TASK GOAL:
Beginning at the line that mentions "Benutzergruppen - Eigenschaften", retype the rest of the records below exactly. Pictures are not part of the copy.

SUPPLIED INFORMATION:
== Segment start ==

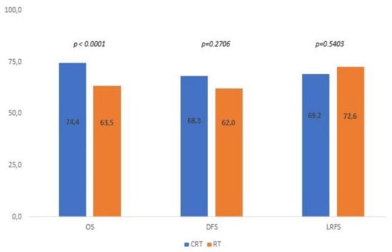 In fact, the LRFS of the POCRT group seems to be worse compared to the group treated with PORT alone: this trend could be explained by the fact that patients treated with POCRT could have multiple minor RFs that worsen their prognosis despite the addition of concomitant CT.
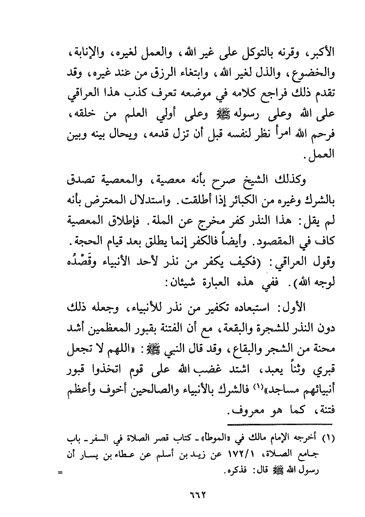 وكذلك الشيخ صرح بأنه معصية، والمعصية تصدق بالشرك وغيره من الكبائر إذا أطلقت. واستدلال المعترض بأنه لم يقل: هذا النذر كفر مخرج عن الملة. فإطلاق المعصية كاف في المقصود. وأيضاً فالكفر إنما يطلق بعد قيام الحجة. وقول العراقي: (فكيف يكفر من نذر لأحد الأنبياء وقصده لوجه الله) . ففي هذه العبارة شيئان:
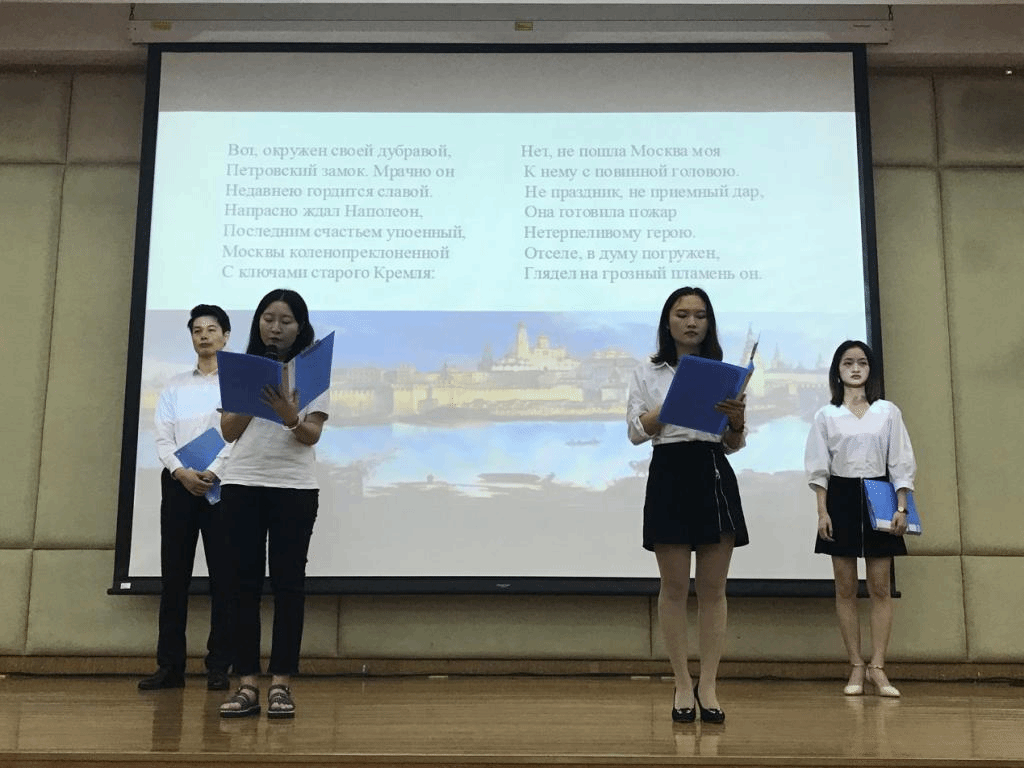 随后,便是最精彩的表演环节。来自各院校的员工们为本届“俄语日”带来了精彩绝伦的表演。员工们采用诗朗诵、电影配音、合唱舞蹈的形式纪念中俄建交70周年,将俄罗斯独特而富有魅力的文化展示给现场观众们。
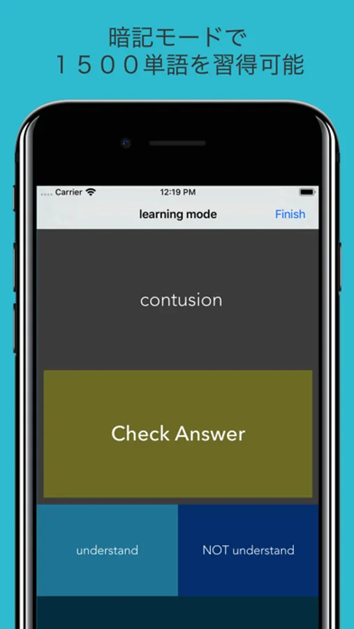 ここでの目的は単語を暗記することです。表示された単語を知っていれば◯、知らなければ×を選択してください。単純な作業ですが、暗記カードのようにまずは知っている単語と知らない単語に分けることで、自身の語彙の蓄積と進展具合を確認することができます。単語と一緒に音声も流れるので、同時に発音やアクセントもチェック可能です。
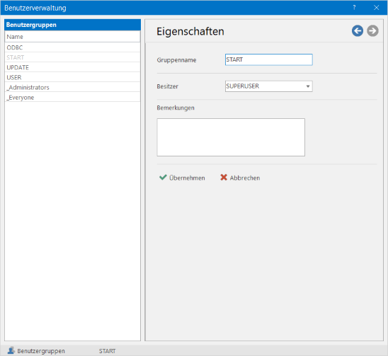 Benutzergruppen - Eigenschaften
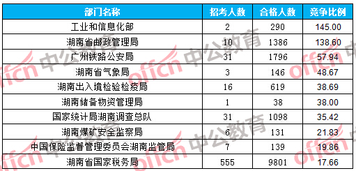 為幫助廣大考生更清晰的了解今日報名情況,湖南中公網(wǎng)校整理了審核通過人數(shù)前十大部門以及競爭比例最激烈的十大部門,供廣大考生參考:

== Segment end ==

EXERCISE OUTPUT:
 Benutzergruppen - Eigenschaften
 為幫助廣大考生更清晰的了解今日報名情況,湖南中公網(wǎng)校整理了審核通過人數(shù)前十大部門以及競爭比例最激烈的十大部門,供廣大考生參考:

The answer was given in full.